The Unexpected Fruit That Does Wonders For Tenderizing Beef

You don't always have to buy expensive cuts of meat to enjoy a delicious beef dish. There are several ways to tenderize those cheaper cuts so they turn out just as tender and juicy as their pricey counterparts. One common method to do this is marinating the beef with fruits like pineapple, papaya, and figs. But did you know you can also use pears to tenderize beef?

If you're familiar with Asian cuisine (especially Korean dishes), then the idea of using pears might not come as a big surprise. Korean barbecued beef — like Galbi (Korean-style short ribs) and Bulgogi — is traditionally prepared by marinating the meat in crushed pears among other ingredients. Apart from tenderizing, the pear also enhances the flavor of the meat with its sweet notes. Once you add the fruit, you can do away with sugar and still create that signature sweet flavor Korean barbecue beef is known for.

Korean recipes typically use Asian pears (also known as Korean or apple pear). It's quite distinct from the other varieties of this fruit, as it's shaped more like an apple and has an unexpected crunchy texture that contrasts the soft flesh of most pears. That said, you can use any other type of pears to tenderize your beef, including the more popular Bartlett.

The science behind pear's meat-tenderizing abilities

All fruits used as meat tenderizers work in a similar way to transform tough cuts into tender servings. But we first need to appreciate the structure of the meat in order to understand the science behind the tenderization process. Meat is made up of muscle fibers and connective tissues that link the fibers to each other and various bundles of muscles to adjacent bones. All these fibers and tissues are made up of proteins and are what maintain the meat's structure. So to make beef softer, you need to break down the proteins or muscle fibers.

In the case of using fruits to tenderize meat, the protein breakdown is caused by proteolytic enzymes found in the raw fruits. Pears carry a cysteine protease that plays this role. Similar protease enzymes are also found in other fruits under different names — such as bromelain in pineapple, actinidin in kiwi, amylases in mango, and papain in papaya.
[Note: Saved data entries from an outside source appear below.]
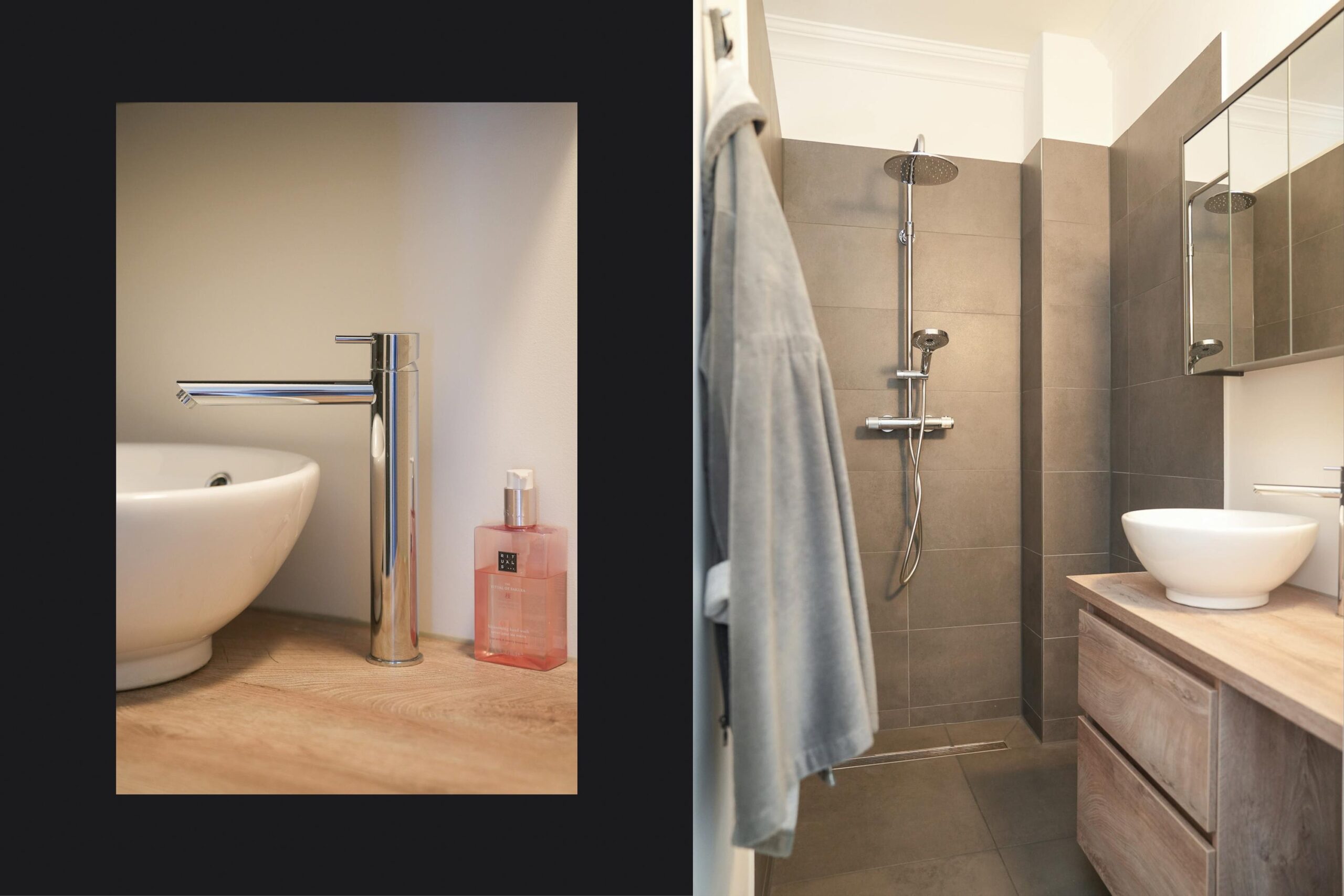 Eerste verdieping: de overloop geeft toegang tot twee royale slaapkamers en moderne badkamer met inloopdouche, wandcloset en wastafelmeubel met dubbele waskom. Via een portaal voorzien van vaste kastruimte zijn er nog twee slaapkamers te bereiken. De masterbedroom beschikt over een balkon.
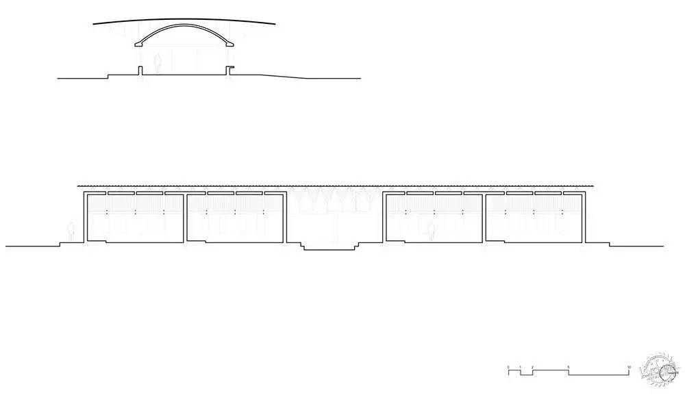 这种拱形屋顶和进一步加强的通风隔热结构设计,从里面看教室,有足够的光线,同时也保证了通风透气,窗子的颜色很美。
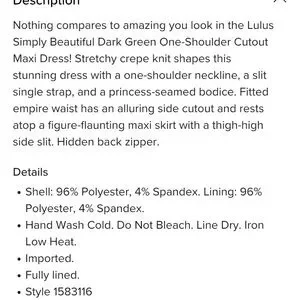 Chic one-shoulder design. Dark green hue. Elegant maxi length with side slit.
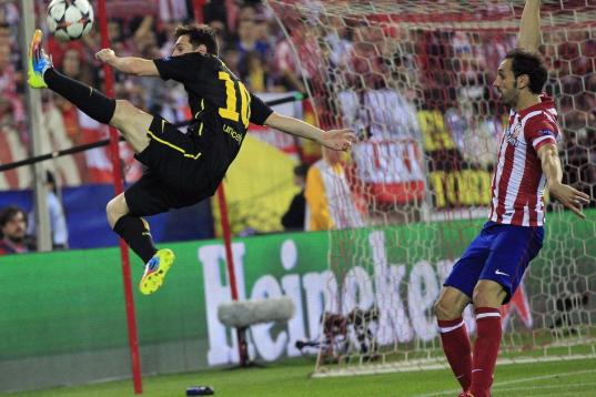 El delantero argentino del F.C Barcelona, Leo Messi, intenta controlar el balón ante Juanfran, del Atlético de Madrid, durante el partido de vuelta de cuartos de final de la Liga de Campeones que se disputó el miércoles en el estadio Vicente...

How to tenderize beef using pears

The process of tenderizing beef using pears involves marinating the meat before cooking. Begin by purchasing fresh pears — avoid using heat-treated or canned fruit since they are exposed to high heat during processing, which can denature the enzymes and prevent them from functioning as required. Wash the fruits and prepare them by either finely dicing, pureeing, or blending them into a paste-like consistency. Alternatively, after blending, you can strain and collect the juice and discard the pulp.
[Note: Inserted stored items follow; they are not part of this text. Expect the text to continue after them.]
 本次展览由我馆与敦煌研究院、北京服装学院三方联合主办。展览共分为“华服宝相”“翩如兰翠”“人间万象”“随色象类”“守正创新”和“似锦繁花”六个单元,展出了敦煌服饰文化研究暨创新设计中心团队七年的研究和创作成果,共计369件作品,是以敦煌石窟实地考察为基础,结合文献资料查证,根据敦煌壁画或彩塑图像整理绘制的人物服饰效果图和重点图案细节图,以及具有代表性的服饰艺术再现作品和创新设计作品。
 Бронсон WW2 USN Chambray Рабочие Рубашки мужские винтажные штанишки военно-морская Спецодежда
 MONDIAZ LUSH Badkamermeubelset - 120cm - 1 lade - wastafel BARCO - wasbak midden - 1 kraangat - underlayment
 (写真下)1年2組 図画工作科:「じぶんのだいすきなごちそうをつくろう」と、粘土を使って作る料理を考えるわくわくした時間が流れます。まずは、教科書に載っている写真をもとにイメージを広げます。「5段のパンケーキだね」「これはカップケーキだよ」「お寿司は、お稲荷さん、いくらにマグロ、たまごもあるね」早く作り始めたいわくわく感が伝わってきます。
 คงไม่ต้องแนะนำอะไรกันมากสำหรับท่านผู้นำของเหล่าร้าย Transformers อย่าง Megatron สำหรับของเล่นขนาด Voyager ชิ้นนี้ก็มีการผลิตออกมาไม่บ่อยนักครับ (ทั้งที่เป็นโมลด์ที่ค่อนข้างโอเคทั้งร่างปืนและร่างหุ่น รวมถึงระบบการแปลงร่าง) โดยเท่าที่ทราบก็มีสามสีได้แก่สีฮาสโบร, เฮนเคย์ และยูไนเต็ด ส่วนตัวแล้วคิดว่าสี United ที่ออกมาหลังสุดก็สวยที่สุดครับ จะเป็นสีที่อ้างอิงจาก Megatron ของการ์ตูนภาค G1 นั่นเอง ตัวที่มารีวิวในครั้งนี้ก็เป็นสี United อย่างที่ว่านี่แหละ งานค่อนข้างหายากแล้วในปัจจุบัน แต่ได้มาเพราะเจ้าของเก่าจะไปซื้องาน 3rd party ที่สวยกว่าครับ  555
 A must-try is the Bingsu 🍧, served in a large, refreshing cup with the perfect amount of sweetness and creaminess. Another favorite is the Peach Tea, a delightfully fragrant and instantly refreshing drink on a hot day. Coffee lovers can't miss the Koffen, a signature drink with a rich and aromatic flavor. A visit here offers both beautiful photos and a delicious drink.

Now put the pureed pear or juice in a mixing bowl and add all other marinade ingredients (if using) before adding the beef. Remember to slice the beef very thinly before marinating because it increases the surface area of the meat and allows the marinade to penetrate the beef much better. Mix well so every surface of the beef is coated in the marinade or pear puree. Pop in the refrigerator and leave to marinade for a few hours. Depending on how tough the meat is and the size, you can marinade for three to 24 hours. After the marination time is over, remove the beef from the marinade and cook it as usual, either in a pan on the stovetop, on the grill, or roast in the oven. Get ready to enjoy the juiciest and most tender beef yet.